Load-bearing premise
The exchangeability and other statistical properties required for valid knockoff-based FDR control in linear regression continue to hold when the same framework is applied to the weights or activations of a regularized deep neural network.
What would settle it
A simulation study with known ground-truth relevant variables where the observed false discovery proportion for each proposed filter exceeds the target FDR level at the nominal threshold.
Figures
read the original abstract
The deep neural network is a widely used framework in machine learning that has been widely applied in various fields. However, deep neural networks often involve a large number of parameters and inputs, many of which may be irrelevant to the goal or true output. These parameters and \textcolor{black}{input variables} not only increase computational complexity, but also contribute to additional computational cost. One solution to this problem is knockoff methods, which have proven successful in controlling false discovery rates in high-dimensional regression. Building on the knockoff methods and using the regularised neural network, this paper proposes three variable screening methods under the condition of controlling false discovery rates: \textit{one layer filter}, \textit{multiple layers filter}, \textit{variable weight aggregation filter}. In comparison with existing algorithms, we find that our algorithms show satisfactory performance.
Editorial analysis
A structured set of objections, weighed in public.
Referee Report
Summary. The manuscript proposes three knockoff-based variable screening procedures for regularized deep neural networks (one-layer filter, multiple-layers filter, and variable weight aggregation filter) that are asserted to control the false discovery rate while simplifying the network; empirical comparisons are claimed to show satisfactory performance relative to existing algorithms.

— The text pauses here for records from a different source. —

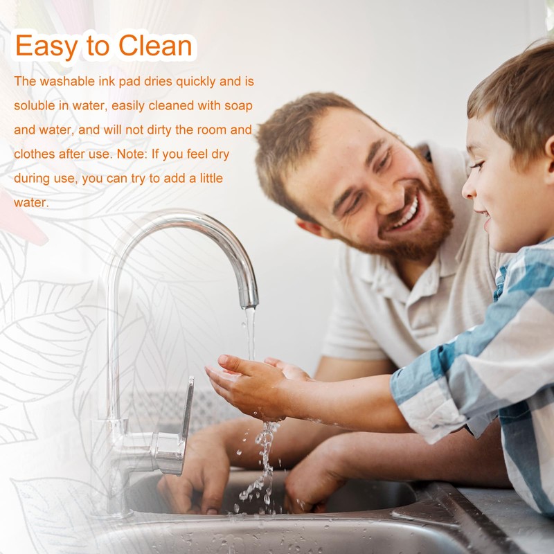 - Easy to Clean: The washable ink pad dries quickly and is soluble in water, easily cleaned with soap and water, and will not dirty the room and clothes after use. Note: If you feel dry during use, you can try to add a little water.
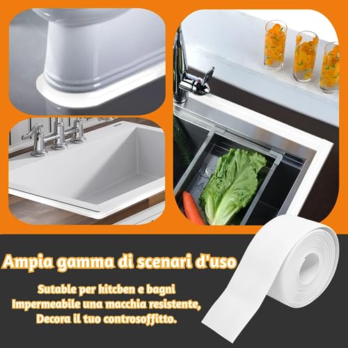 Ampia gamma di applicazioni: La striscia di caulk autoadesiva professionale porta un aspetto pulito ai piani di lavoro della cucina, ai bacini, ai lavandini, alle vasche da bagno, ai servizi igienici,
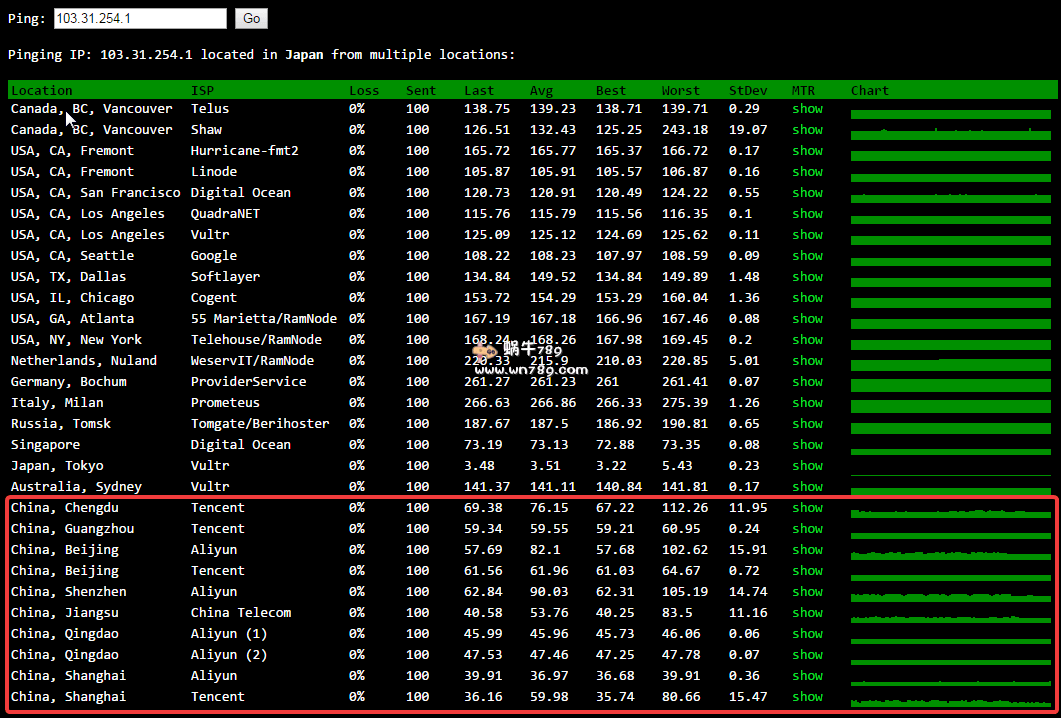 | 20 | 103.31.254.1 | 103.31.254.1 | 日本 | AS17676 | 87.8 / 87.4 / 87.5 |

Significance. If the FDR guarantees transfer, the work would provide a principled extension of knockoff methods beyond linear models, enabling controlled variable selection and network simplification in high-dimensional DNN settings.
major comments (2)
- [Abstract] Abstract: the central claim that the three filters control FDR is unsupported by any derivation or argument showing that the exchangeability (and sign-flip) properties required for valid knockoff FDR control continue to hold when the procedure is applied to DNN weights or activations rather than linear regression coefficients.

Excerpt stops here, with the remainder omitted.